Signal Processing ( IF 3.4 ) Pub Date : 2021-05-08 , DOI: 10.1016/j.sigpro.2021.108148 Yun-Bin Zhao , Zhi-Quan Luo
The optimal -thresholding (OT) and optimal -thresholding pursuit (OTP) are newly introduced frameworks of thresholding techniques for compressed sensing and signal approximation. Such frameworks motivate the practical and efficient algorithms called relaxed optimal -thresholding () and relaxed optimal -thresholding pursuit () which are developed through the tightest convex relaxations of OT and OTP, where is a prescribed integer number. The preliminary numerical results demonstrated in Zhao (2020) indicate that these approaches can stably reconstruct signals with a wide range of sparsity levels. However, the guaranteed performance of these algorithms with parameter has not yet established in Zhao (2020).

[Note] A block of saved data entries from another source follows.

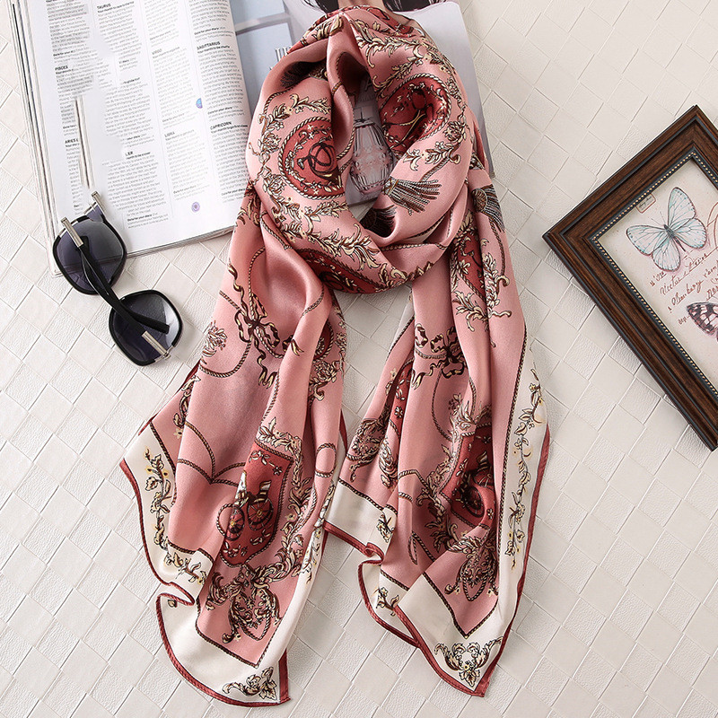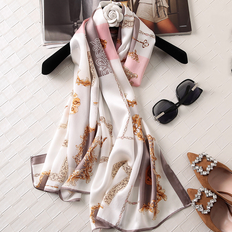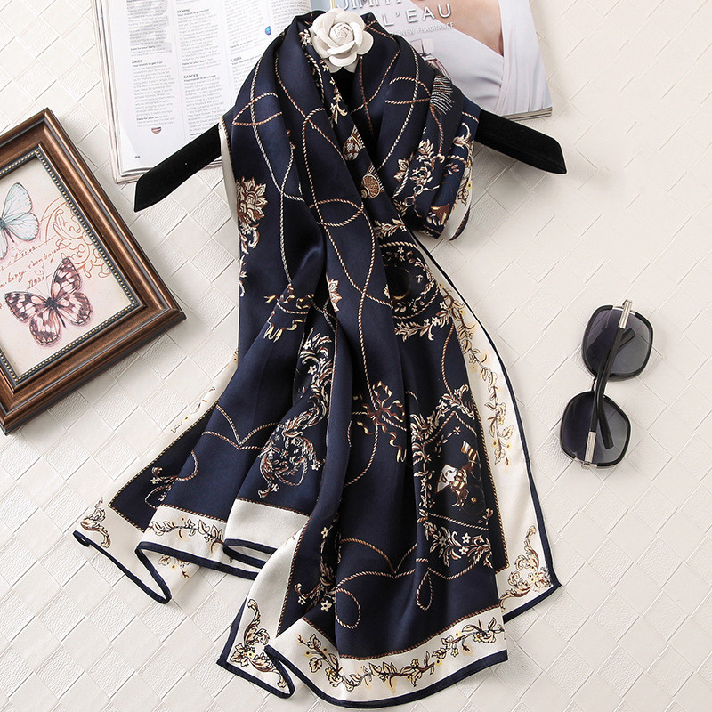 Silk Printed Scarf Medium Length Satin Sunshade Shawl -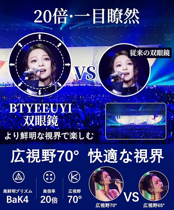 【防水機能&手振れ補正機能】小雨や霧などの悪天候の条件下でも、メガネクロスで簡単に拭いた後でも安心して使用することができます。防振、手振れ補正機能搭載します。BTYEEUYI防振双眼鏡には手ブレ補正機能が搭載されており、手の震えによる画像の揺れを効果的に軽減し、めまいや気持ち悪さを軽減することができます。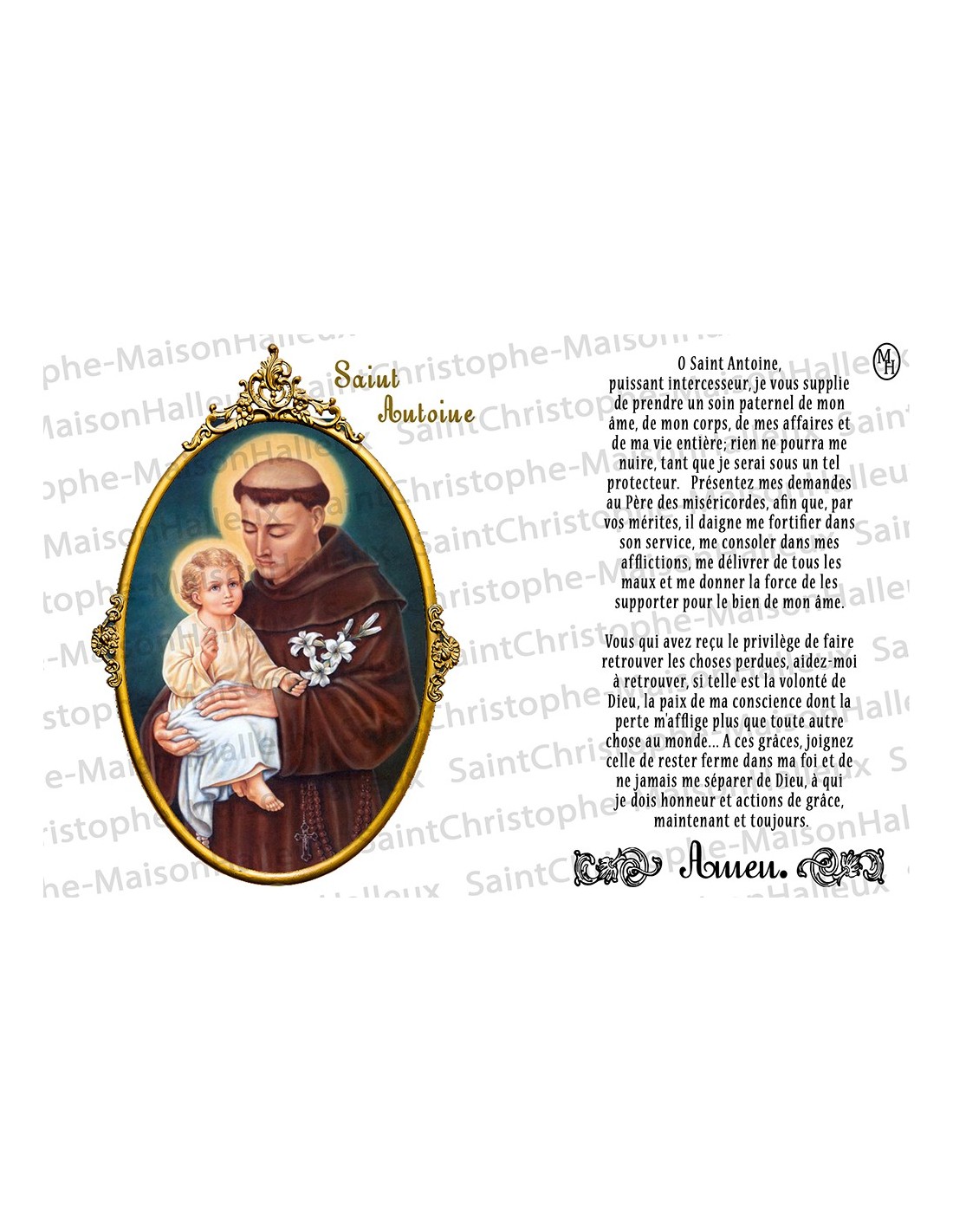 Cards - Medal cards Medal card to Saint Anthony - prayer 1102488-saint-antoine Languages French Italian German Dutch English (1 review) €3.00 Plastic card, bank card size, with painting, prayer and medal of Saint Anthony. The golden medal is in color. Available in several languages. Add to cart

The purpose of this paper is to show the guaranteed performance of OT and OTP in terms of the restricted isometry property (RIP) of nearly optimal order for the sensing matrix governing the -sparse signal recovery, and to establish the first guaranteed performance result for and with In the meantime, we provide a numerical comparison between ROTP and several existing thresholding methods.
中文翻译:
压缩感知的最佳阈值算法分析
最优的 阈值(OT)和最佳 阈值追踪(OTP)是新引入的用于压缩感测和信号逼近的阈值技术框架。这样的框架激发了称为轻松最优的实用高效算法-阈值()和轻松的最佳 阈值追求()是通过OT和OTP的最紧密的凸松弛而开发的,其中 是规定的整数。Zhao(2020)证明的初步数值结果表明,这些方法可以稳定地重建具有广泛稀疏性水平的信号。但是,这些算法的带参数保证性能在Zhao(2020)中尚未建立。本文的目的是根据控制矩阵的传感矩阵的接近最佳阶的受限等距特性(RIP)来显示OT和OTP的性能保证。-稀疏信号恢复,并建立第一个有保证的性能结果 和 和 同时,我们提供了ROTP之间的数值比较 和几种现有的阈值化方法。